The rest of that fall, I guess we played some football, but who we played and how it came out I wouldn’t know. I wrote her or wired her or sent her something every day, and then after the Hopkins game, which was played in Baltimore, I called up Doc Henry, that had tended me ever since I could remember, and got him to certify by wire to the college that I needed a little toe-nail-ectomy, something like that. Then without any more than calling up the house, I beat it for the station and took the train for Easton.

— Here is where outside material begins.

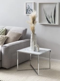 Der quadratische Beistelltisch vereint modernes Design mit einer Portion Extravaganz. Die Glasplatte mit unterliegender Folie in Marmoroptik passt perfekt zu dem Metallgestell in Chrom. Der Sofatisch bietet genügend Ablagemöglichkeiten für z.B. Zeitschriften, eine Blumenvase oder schöne Leuchte. Durch sein attraktives Design und die quadratische Form ist dieses Tischlein mit vielen Möbeln kombinierbar und findet auch in Ihrem Zuhause ein geeignetes Plätzchen.

I saw her a little sooner than I expected. I got in late at night, and next morning went down in the dining room and had breakfast, wondering if I could ever make the clock go around until it would be time to ring her telephone. But I had sent her a wire I was coming, and when I looked up, who should be there, following the waiter over to my table, but her, even younger-looking than she had been, with a little brown hat over her blonde hair, a fur coat, and a flower for my buttonhole. I was so glad to see her I could hardly eat my eggs. “Well, June, what would you like to do? I put a few lies on the wire and had a doctor send some, so I’m free till this time next week, if you are. I mean, we played our last game yesterday, and I’ve fixed it so I’m not due back to the kiddy-pen until after the Thanksgiving holidays.”
“Who won, by the way?”
“We did... And I have a suite. Would you like to see it?”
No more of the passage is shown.